+++ DATA FOR REVIEW +++

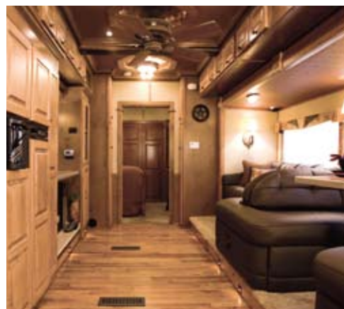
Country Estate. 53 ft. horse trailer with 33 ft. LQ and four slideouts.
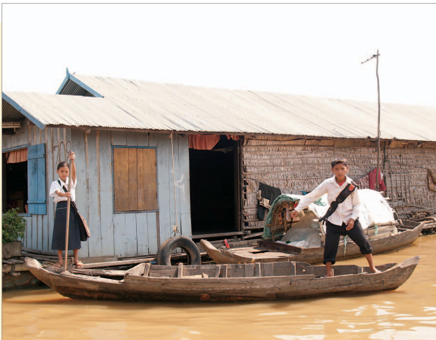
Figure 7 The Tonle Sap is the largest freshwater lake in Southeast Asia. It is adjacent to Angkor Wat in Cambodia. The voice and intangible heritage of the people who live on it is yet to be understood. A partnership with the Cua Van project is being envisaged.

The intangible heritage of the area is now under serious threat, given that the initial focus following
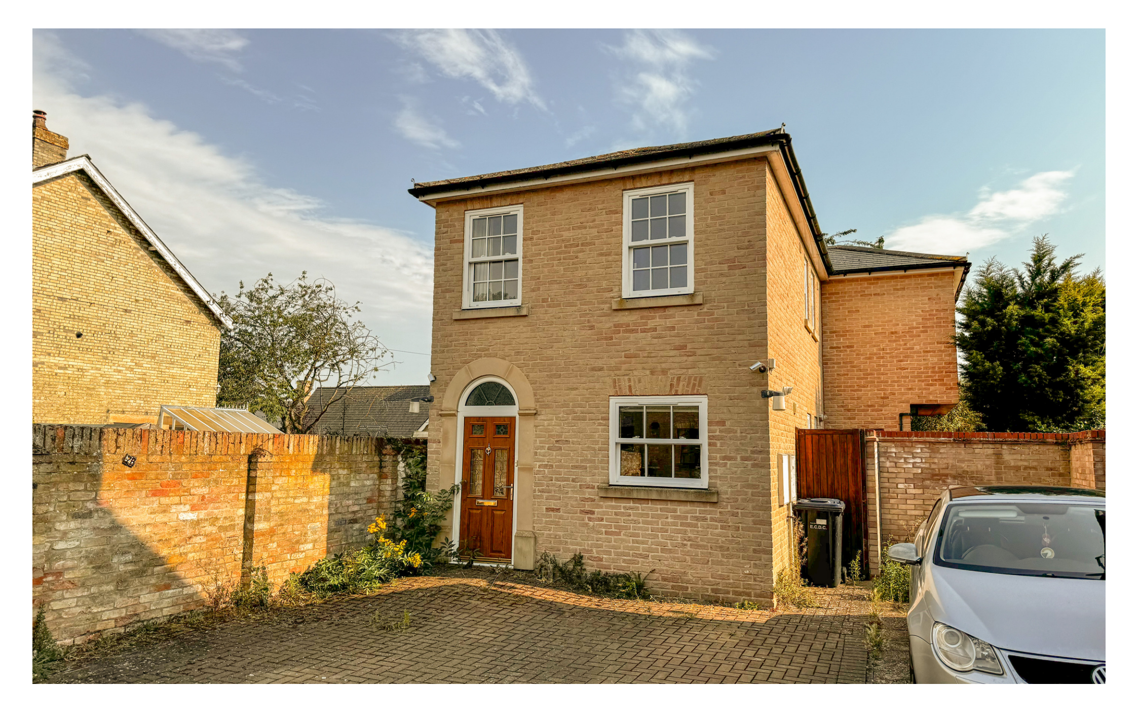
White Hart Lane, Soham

+++
+++ DATA FOR REVIEW +++

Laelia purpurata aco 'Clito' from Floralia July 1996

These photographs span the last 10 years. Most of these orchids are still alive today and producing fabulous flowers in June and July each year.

+++

◆ WORK REQUEST
Would you show all lines of the material above that contain the word "with"?

◆ SOLUTION TO THIS TASK
Country Estate. 53 ft. horse trailer with 33 ft. LQ and four slideouts.
Figure 7 The Tonle Sap is the largest freshwater lake in Southeast Asia. It is adjacent to Angkor Wat in Cambodia. The voice and intangible heritage of the people who live on it is yet to be understood. A partnership with the Cua Van project is being envisaged.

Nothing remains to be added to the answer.